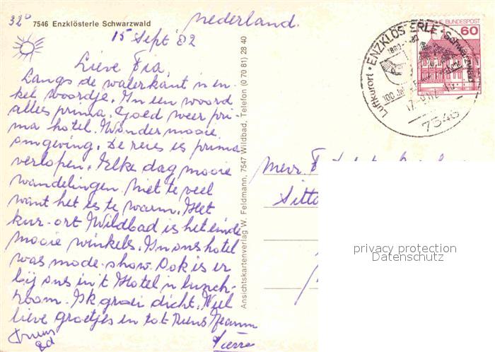 72892935 alte Postkarte Enzkloesterle Fontaene postalisch gelaufen Erhaltung siehe scans [WerneD78] KatCode: 11110008235025
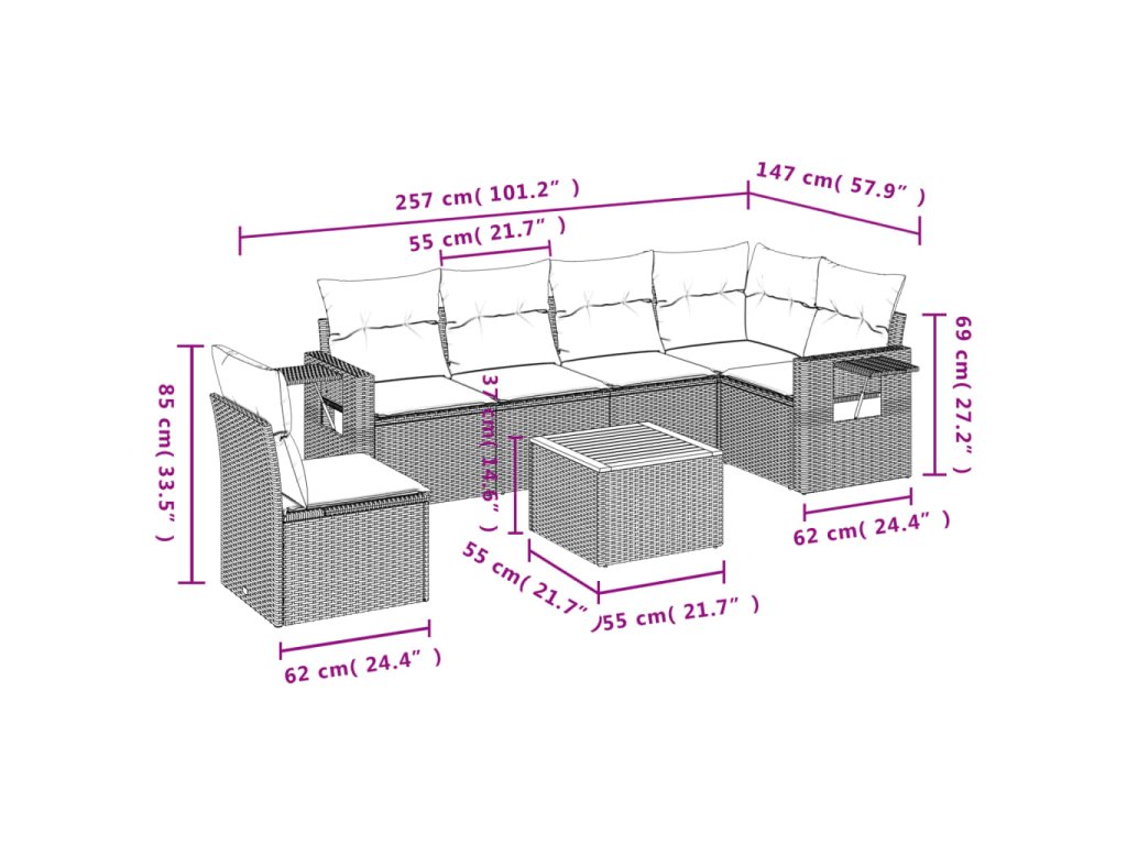 Tato zahradní sedací souprava je dokonalým doplňkem vaší zahrady, terasy nebo dvorku a poskytne vám pohodlné a příjemné místo, kde si můžete povídat s rodinou a přáteli nebo jen tak odpočívat a užívat si pobyt venku.
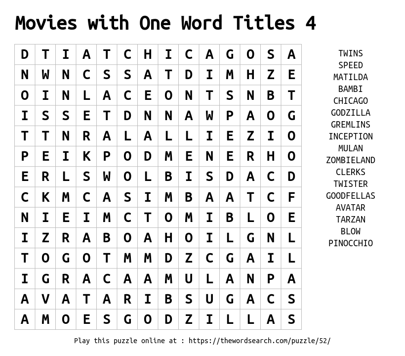 Print this Movies with One Word Titles 4 word search and enjoy a relaxing puzzle with 20 words.
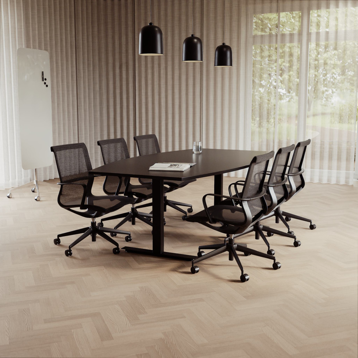 En komplett konferensgrupp designad för det moderna kontoret. Med sex bekväma Ergo 285-stolar och det flexibla mötesbordet Agenda garanterar du effektiva möten.
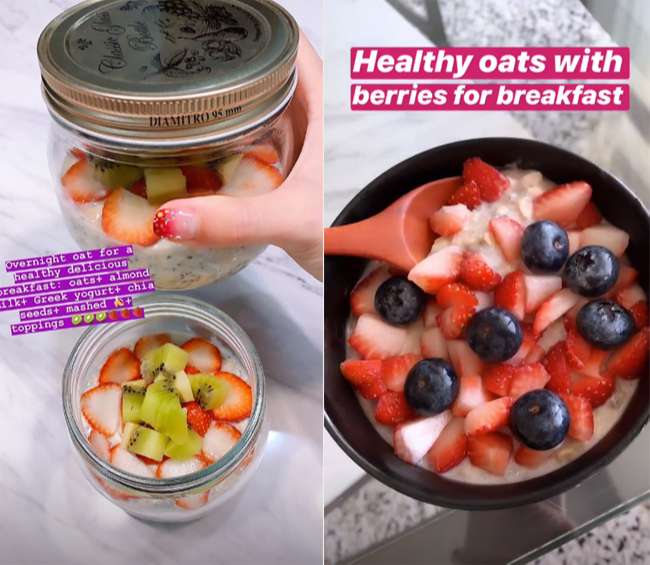 Nữ ca sĩ thường ăn kèm cùng các loại rau xanh như dưa leo, cà chua, trái bơ… và các thực phẩm giàu protein như trứng luộc, ức gà nhằm giữ cơ săn chắc. Yến mạch cũng là món ăn khá được lòng giọng ca sinh năm 1989. Cô thường chuẩn bị sẵn món yến mạch qua đêm (overnight oat) cho bữa sáng và ăn kèm các loại trái cây tươi như kiwi, dâu tây. Bữa sáng với yến mạch và trái cây tươi giúp cung cấp đủ chất xơ, vitamin… cho ngày mới, đây cũng là món ăn thường được các siêu mẫu áp dụng nhằm giảm cân, giữ dáng.
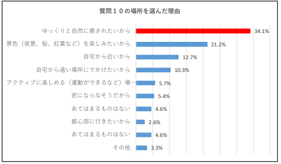 ドライブスポットを選んだ理由として、最も多いのは「ゆっくりと自然に癒されたいから」で34.1%、次に多い理由は「景色(夜景、桜、紅葉など)を楽しみたいから」で21.2%と、ドライブに行く目的として、美しい自然や景色に癒されたいという方が多いことが分かりました。
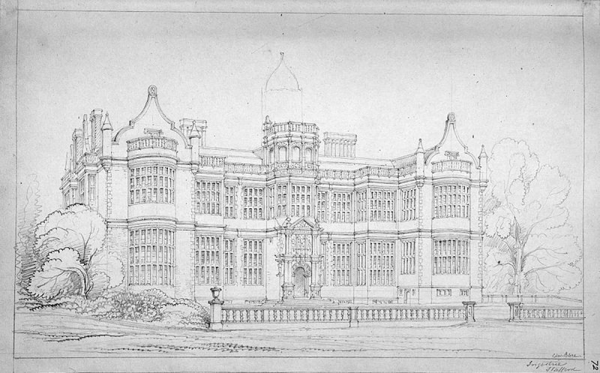 The Elizabethan house was owned by the Chetwynd family, and subsequently the Earls Talbot. In the late-19th-century, the second Earl employed Nash to partly rebuild the house, which was destroyed by fire. A church adjacent to the house dates back to 1673, and is attributed to Wren.
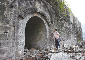 記者在現場看到,城墻上有一個高、寬均約3米的城門,旁邊還有兩個寬1米、高3米的城門。在臨近嘉陵江一側,還有一段長達十多米的城墻。兩段城墻上劃著巨大的紅叉,被列入拆遷范圍。
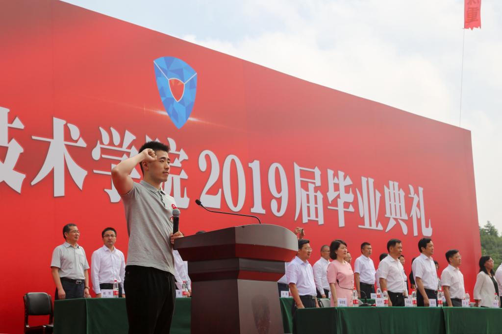 又到六月毕业季,又逢依依惜别时,又是扬帆启航日。6月14日,我校2019届毕业典礼在学校操场和图书馆隆重举行。学校党政领导班子成员金波、贾文胜、陈泉淼、陈加明、金徐伟、楼晓春、麻朝晖、程利群,杭州友佳精密机械有限公司总经理温吉堂,杭州西奥电梯有限公司人力资源部总监傅美芬,各二级学院领导班子、学校相关部门负责人,家长代表、教师代表、辅导员、班主任和2019届全体毕业生共同出席毕业典礼。
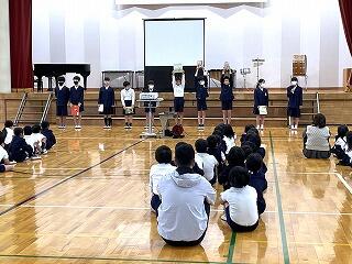 卒業証書授与式のあと、在校生の5年生と「わかれの言葉」を言いました。(呼びかけ)
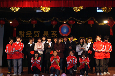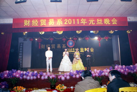 1月4日晚,财经贸易系在南院礼堂迎来了每年一度的元旦晚会。党委副书记欧友佳、副院长刘自斌、纪委书记邹松建、院调研员李天仁、团委书记杨慧梅、财经贸易系党支部书记、主任朱岳坤、副主任朱阳生、张一军及娄底丽人医院领导王凡、杨涵以及全系师生观看了晚会。
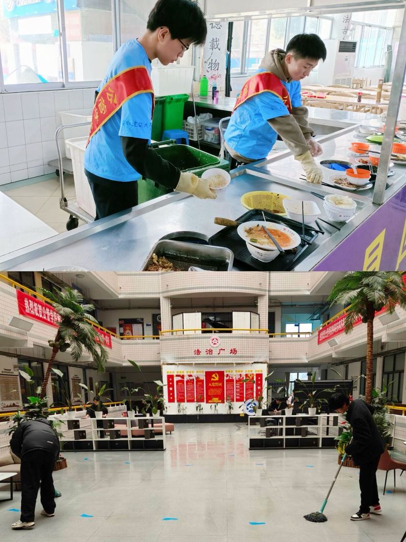 弘毅文明社是以志愿服务为主要活动的学院社团。3月6日,弘毅文明社带领低年级学生进行校园志愿服务活动,参与食堂收拾餐具及学院公共区域卫生打扫。他们传讲志愿服务精神,鼓励同窗从身边小事做起,传播志愿服务文化,助力文明校园建设。
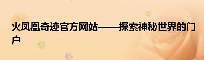 火凤凰奇迹官方网站——探索神秘世界的门户
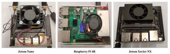 This study selected several edge computing devices for testing: Raspberry Pi 4B (Raspberry Pi, London, UK), Jetson Nano (NAVIDIA, City of Santa Clara, CAL, US), and Jetson Xavier NX (NAVIDIA, City of Santa Clara, CAL, US). Specifically, Raspberry Pi 4B was chosen for its low cost and small size. Jetson Nano and Jetson Xavier were selected since they are widely used edge computing devices with excellent performance. Jetson Xavier outperforms Jetson Nano in computational performance but at a much higher price point. The detailed specifications of the devices are shown in Table 1. NVIDIA Jetson Nano is a powerful small-sized computing device that allows developers to build practical artificial intelligence (AI) applications. It has a quad-core ARM Cortex-A57 MPCore CPU, a 128-core NVIDIA Maxwell GPU, 4 GB memory, and 32 GB data storage. The size of Jetson Nano is 69.6 mm × 45 mm. Raspberry Pi 4B is the latest Raspberry Pi board, which can compute like a local computer with a much smaller size. The size of Raspberry Pi 4B is 85 mm × 56 mm, and it has a 1.8 GHZ 64-bit quad-core ARM Cortex-A72 CPU without the GPU equipped. Jetson Xavier NX has a powerful CPU and GPU, bringing computing performance close to a local computer. It has a 384-core NVIDIA Volta architecture GPU with 48 Tensor Cores GPU and a 6-core NVIDIA Carmel ARM v8.2 64-bit CPU with 128 G storage and 8 GB memory. Typically, the size of the Jetson Xavier NX is also 69.6 mm × 45 mm. Images of the proposed edge computing devices are shown in Figure 4.
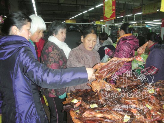 新年将近,市区各大超市纷纷摆出了各类腊味酱肉,显现出浓浓的年味。近日,记者走访了市区多家超市,发现一排排的腊味酱肉飘着诱人的香味,品种丰富多样,有腊猪头、酱鸭、火腿等,前来选购新鲜腊味酱肉的市民络绎不绝。
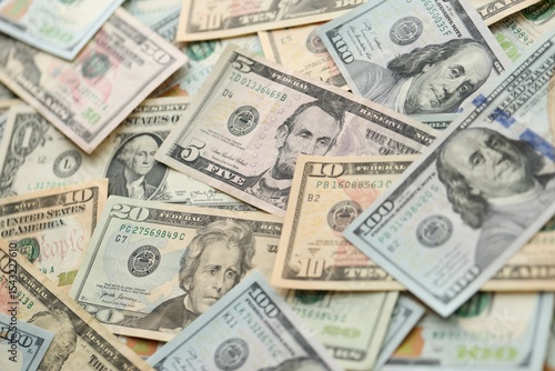 Stack of dollar bills. Hundred, fifty, twenty, ten, five dollars banknote close up
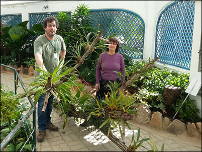 Em um outro estão instalados Epidendrum e Encyclia mostrando a diversidade do grupo.
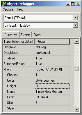 At design time, you can use the Object Inspector to set the properties of the components of your forms and other designers. In Delphi 4, Borland introduced a run-time Debug Inspector, which has a similar interface and shows similar information. Before Borland added this feature, I implemented a run-time clone of the Object Inspector meant for debugging programs:
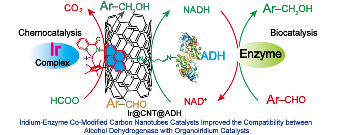 該研究通過兩種相互獨立的溫和偶聯方式,將新型的輔酶NADH再生有機銥絡合物和乙醇脫氫酶(ADH)依次錨定在碳納米管材料表面,發展了一種非均相的有機銥-酶級聯催化劑,顯著改善了有機銥絡合物和含巰基生物酶(ADH)之間的生物相容性問題,實現了酶催化芳香醛制芳香醇過程中,高成本輔酶NAD+/NADH的高效循環利用(圖1)。該成果提出的策略,將有望降低生物合成生產成本,并促進化學-生物協同催化體系的工業應用。上述工作得到了國家自然科學基金(21904131)、煙臺市科技創新發展計劃項目(2023JCYJ075)、山東省自然科學基金(ZR2022MB082, ZR2022QB120, ZR2023MB023)等項目的資助。(文/圖趙立軍)
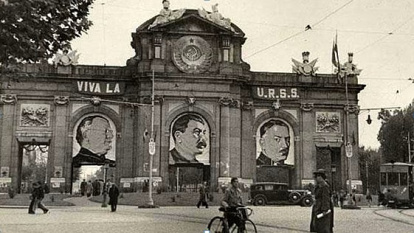 La Puerta de Alcalá, emblemático monumento madrileño, convertida en homenaje permanente a la Unión Soviética bajo el régimen del Frente Popular durante la guerra civil. De izquierda a derecha, Maxim Litvinov, ministro de Asuntos Exteriores de la URSS; José Vissariónovich Dzhugashvili, alias Stalin; Kliment Voroshilov, ministro de Defensa.
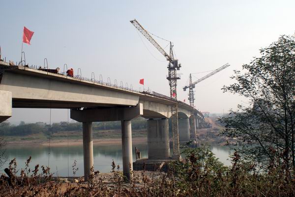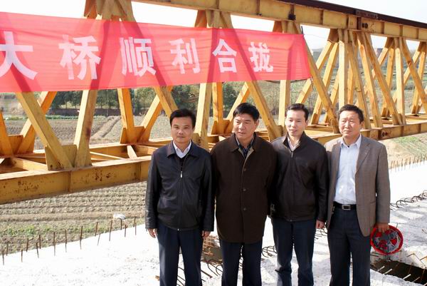 青弋江大橋全長454米,凈寬11米,結構形式為30×10+70+42×2的簡支箱梁與現澆懸臂橋。該工程于2007年開工,前期由于施工條件的限制和其它不利因素,工程進展頗不順利。后來在公司領導的大力支持下,全體施工人員上下合力,積極創造條件進行施工,全橋終于順利合龍。盛總在合龍現場指出,雖然大橋已順利合龍貫通,但后期任務還相當艱巨,橋面、護欄、橋頭搭板和護坡等都需要抓緊施工,在保證質量、保證安全的情況下,組織力量加快施工進度,確保實現元月通車的目標。
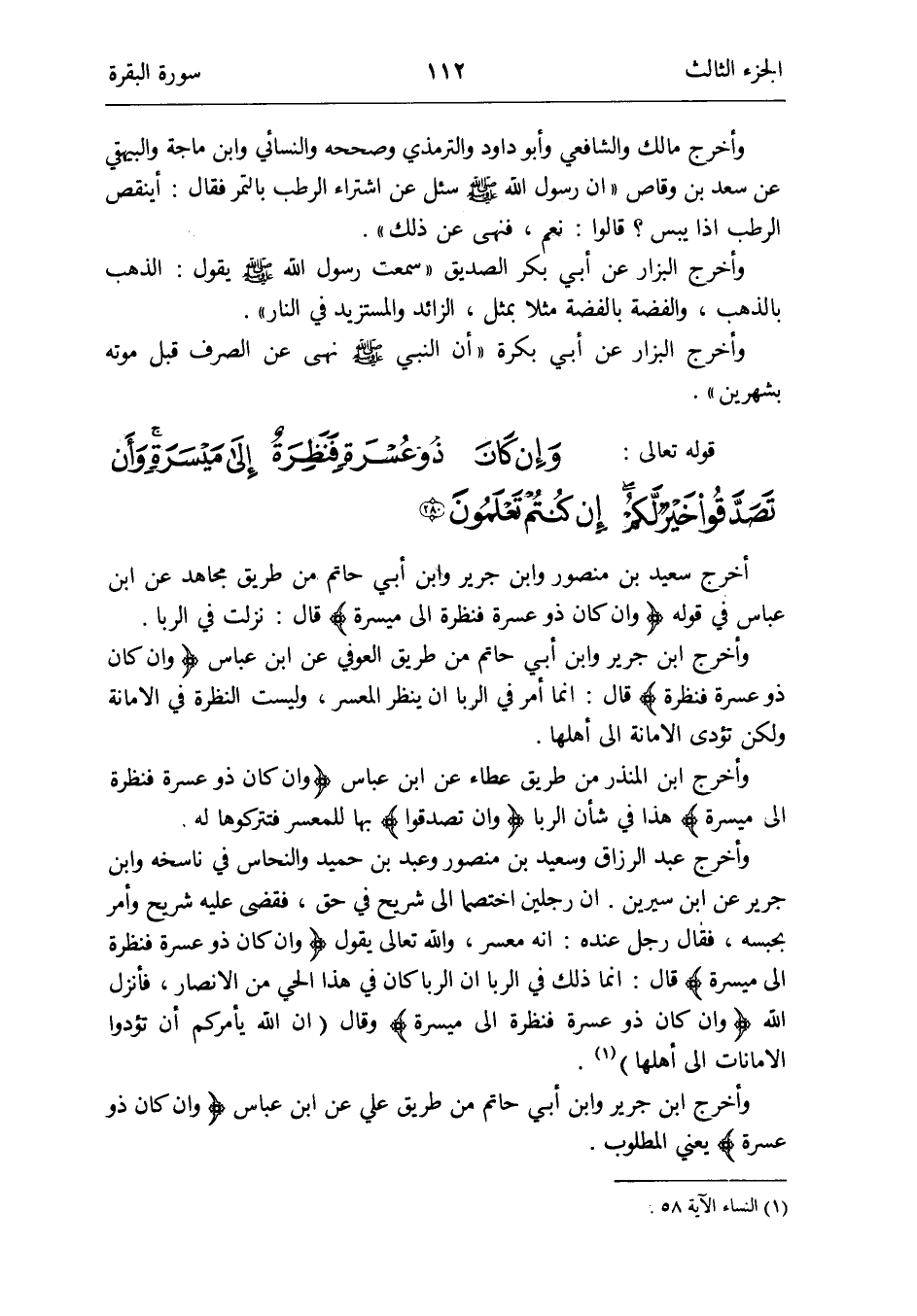 وَأخرج ابْن جرير وَابْن أبي حَاتِم من طَرِيق الْعَوْفِيّ عَن ابْن عَبَّاس {وَإِن كَانَ ذُو عسرة فنظرة} قَالَ: إِنَّمَا أَمر فِي الرِّبَا أَن ينظر الْمُعسر وَلَيْسَت النظرة فِي الْأَمَانَة وَلَكِن تُؤَدّى الْأَمَانَة إِلَى أَهلهَا
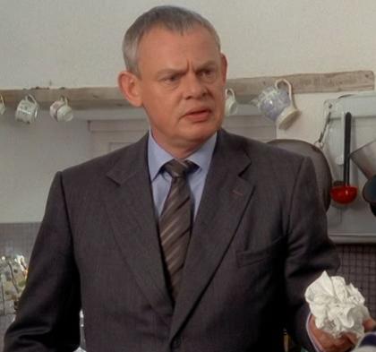 All right, Mrs, uh, Selkirk. What's the problem? I don't know why I'm here. I saw our Jim last night. You, drempt about your late husband. No, no I saw him. In the kitchen. Right. And he told me to come and see you. "You go see that tosser, Doc Martin." So, here we are. We? Me and Jim. He's sitting over there.

• _Prompt_
Please output, exactly as written, the lines above from the one holding "1月4日晚,财经贸易系在南院" through the one holding "火凤凰奇迹官方网站——探索神秘世界的门户", both included, with the pictures omitted.

• _Response area_
 1月4日晚,财经贸易系在南院礼堂迎来了每年一度的元旦晚会。党委副书记欧友佳、副院长刘自斌、纪委书记邹松建、院调研员李天仁、团委书记杨慧梅、财经贸易系党支部书记、主任朱岳坤、副主任朱阳生、张一军及娄底丽人医院领导王凡、杨涵以及全系师生观看了晚会。
 弘毅文明社是以志愿服务为主要活动的学院社团。3月6日,弘毅文明社带领低年级学生进行校园志愿服务活动,参与食堂收拾餐具及学院公共区域卫生打扫。他们传讲志愿服务精神,鼓励同窗从身边小事做起,传播志愿服务文化,助力文明校园建设。
 火凤凰奇迹官方网站——探索神秘世界的门户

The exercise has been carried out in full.